(Data listing):
>>>
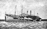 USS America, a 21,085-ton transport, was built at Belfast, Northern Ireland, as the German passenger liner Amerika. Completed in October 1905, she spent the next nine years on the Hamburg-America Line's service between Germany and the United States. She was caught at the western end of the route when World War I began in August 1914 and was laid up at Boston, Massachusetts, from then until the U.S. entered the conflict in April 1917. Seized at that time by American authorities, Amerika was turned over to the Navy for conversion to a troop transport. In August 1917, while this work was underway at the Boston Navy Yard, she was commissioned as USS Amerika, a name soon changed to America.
<<<
>>>
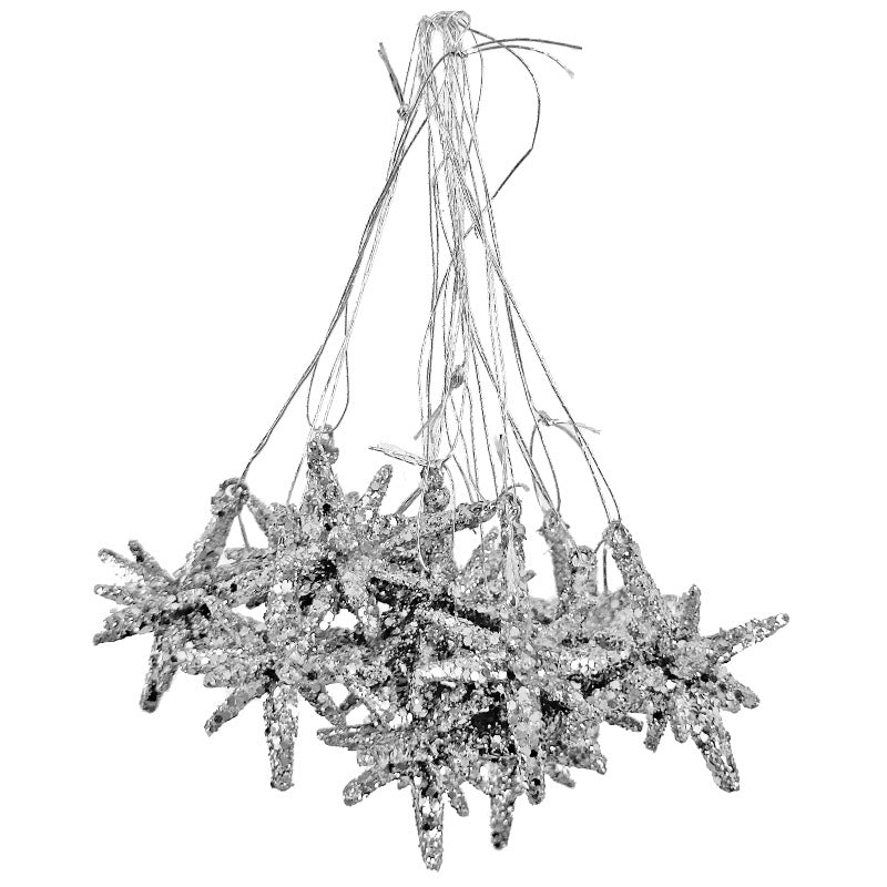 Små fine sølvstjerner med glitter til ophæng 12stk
<<<
>>>
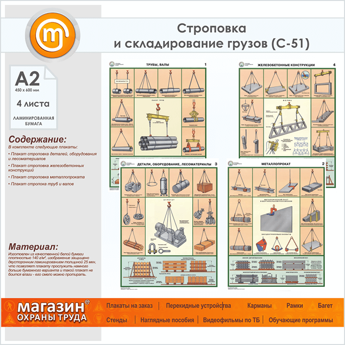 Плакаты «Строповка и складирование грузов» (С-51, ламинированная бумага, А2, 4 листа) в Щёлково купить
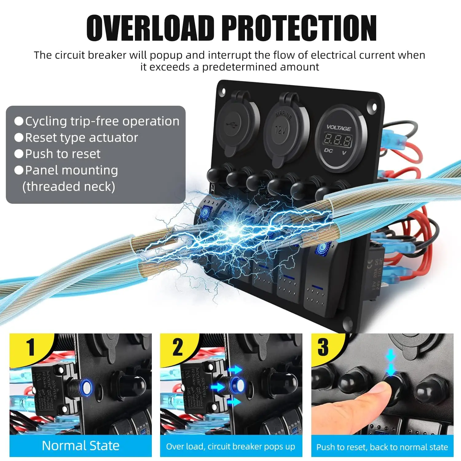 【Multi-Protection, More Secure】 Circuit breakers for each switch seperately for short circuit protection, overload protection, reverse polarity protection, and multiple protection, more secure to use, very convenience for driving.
<<<
(Problem requirements):
Only the lines above starting with the line with "в Щёлково купить" and going on through the line with "convenience for driving." belong in the answer; repeat them exactly, minus any picture.

(Exercise solution):
 Плакаты «Строповка и складирование грузов» (С-51, ламинированная бумага, А2, 4 листа) в Щёлково купить
 【Multi-Protection, More Secure】 Circuit breakers for each switch seperately for short circuit protection, overload protection, reverse polarity protection, and multiple protection, more secure to use, very convenience for driving.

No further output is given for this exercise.